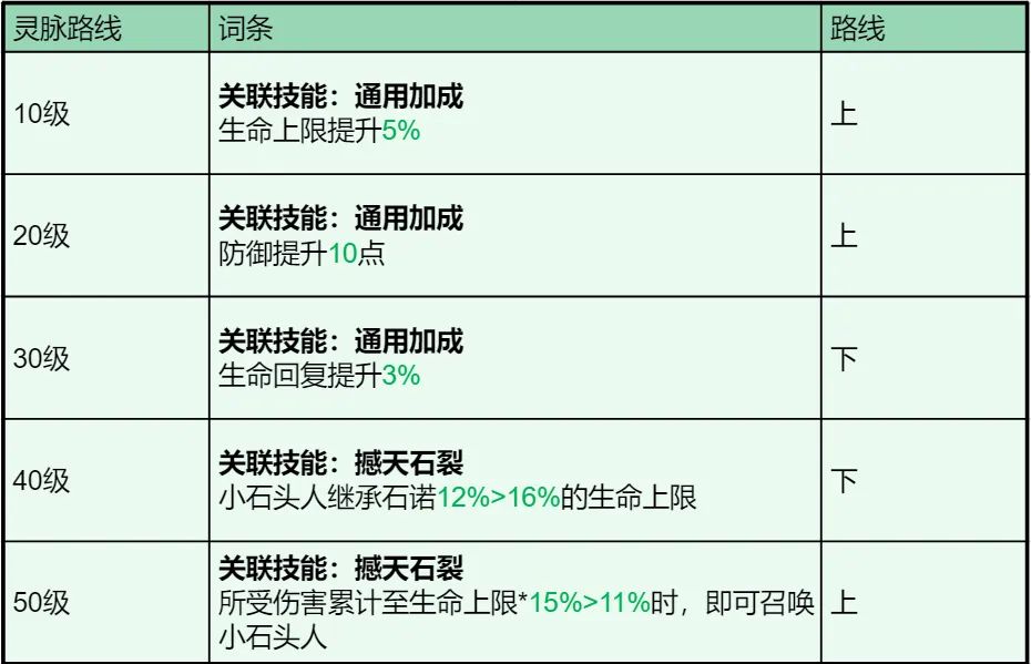 该套灵脉的思路能极限提升石诺的肉度,并增强召唤的小石头人的质量,吸收更多敌方的伤害。
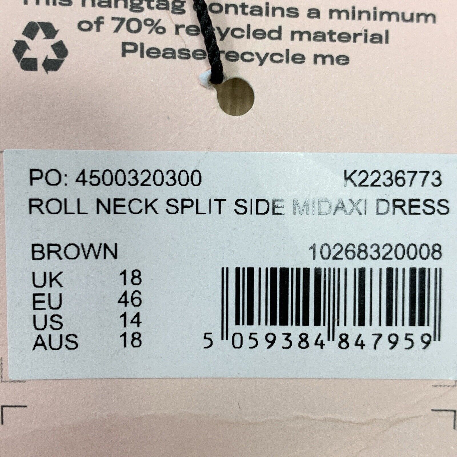Missguided Dress Womens 14 Brown Roll Neck Split Side Bodycon Sweater Knit New
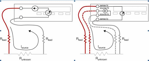 源端引線中的串聯(lián)電阻不影響電流流動(dòng)。測(cè)量/傳感引線幾乎沒(méi)有電流流動(dòng),因?yàn)閮x表的輸入阻抗很高。這意味著測(cè)量引線中沒(méi)有I x R電壓下跌。因此,您只需測(cè)量由于流經(jīng)的源電流而在未知電阻器中產(chǎn)生的電壓下跌。
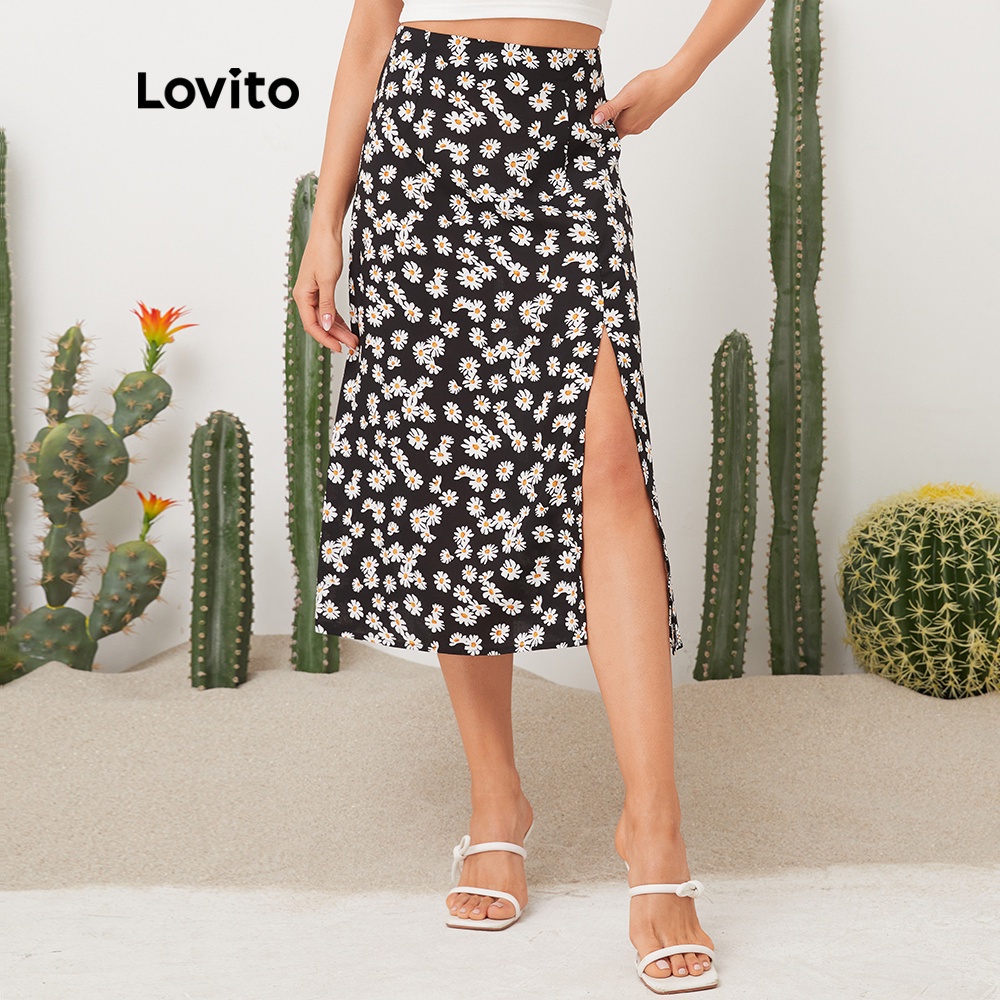 Lovito Saia Casual com Estampa Floral e Boca com Fenda L11D33 (Preto)
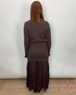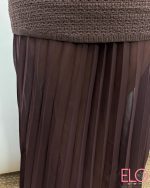 Tiene una falda que es corta de hilo y debajo lleva otra falda plisada y larga.
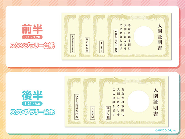 本次活動將分成前半與後半兩部分,並販售以全新繪製的視覺圖為主題的特別套票,內容包括限量版明信片和參加東京巨蛋城內蓋章拉力賽的景點門票;在遊樂設施,粉絲們可以欣賞到 VTuber 們全新錄製的語音,東京巨蛋城引以為傲的「Big-O」摩天輪也會裝飾成彩虹社版本,讓粉絲們能在搭乘時欣賞到每個組合獨特的語音。
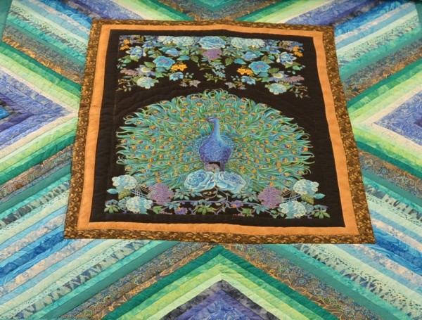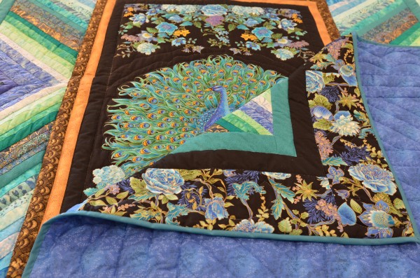 Featuring a beautiful peacock panel with metallic gold accents, this quilt is a one-of-a-kind design from a local Old Order Mennonite quilter. Notice how she chose her accent colors, arranged in diagonal stripes, to compliment the outer border and peacock panel.
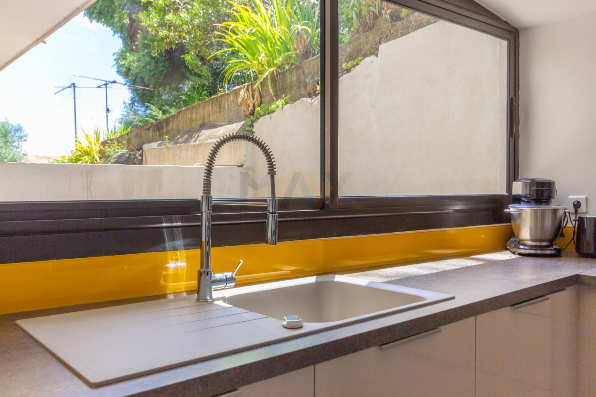 Carrelage, peinture, double vitrage pvc, moustiquaires, volet roulant électrique dans la chambre, cuisine équipée MOBALPA avec électroménager intégré (frigo, LV, plaque induction, hotte, four électrique, four micro-onde, crédence en verre), douche à l’italienne, clim réversible DAIKIN, grand placard mural dans la chambre)
● ● ●
• **Your instructions**:
From the first line to the last, set down the records exactly, leaving out images.

• **Written response**:
 该套灵脉的思路能极限提升石诺的肉度,并增强召唤的小石头人的质量,吸收更多敌方的伤害。
Missguided Dress Womens 14 Brown Roll Neck Split Side Bodycon Sweater Knit New
 源端引線中的串聯(lián)電阻不影響電流流動(dòng)。測(cè)量/傳感引線幾乎沒(méi)有電流流動(dòng),因?yàn)閮x表的輸入阻抗很高。這意味著測(cè)量引線中沒(méi)有I x R電壓下跌。因此,您只需測(cè)量由于流經(jīng)的源電流而在未知電阻器中產(chǎn)生的電壓下跌。
 Lovito Saia Casual com Estampa Floral e Boca com Fenda L11D33 (Preto)
 Tiene una falda que es corta de hilo y debajo lleva otra falda plisada y larga.
 本次活動將分成前半與後半兩部分,並販售以全新繪製的視覺圖為主題的特別套票,內容包括限量版明信片和參加東京巨蛋城內蓋章拉力賽的景點門票;在遊樂設施,粉絲們可以欣賞到 VTuber 們全新錄製的語音,東京巨蛋城引以為傲的「Big-O」摩天輪也會裝飾成彩虹社版本,讓粉絲們能在搭乘時欣賞到每個組合獨特的語音。
 Featuring a beautiful peacock panel with metallic gold accents, this quilt is a one-of-a-kind design from a local Old Order Mennonite quilter. Notice how she chose her accent colors, arranged in diagonal stripes, to compliment the outer border and peacock panel.
 Carrelage, peinture, double vitrage pvc, moustiquaires, volet roulant électrique dans la chambre, cuisine équipée MOBALPA avec électroménager intégré (frigo, LV, plaque induction, hotte, four électrique, four micro-onde, crédence en verre), douche à l’italienne, clim réversible DAIKIN, grand placard mural dans la chambre)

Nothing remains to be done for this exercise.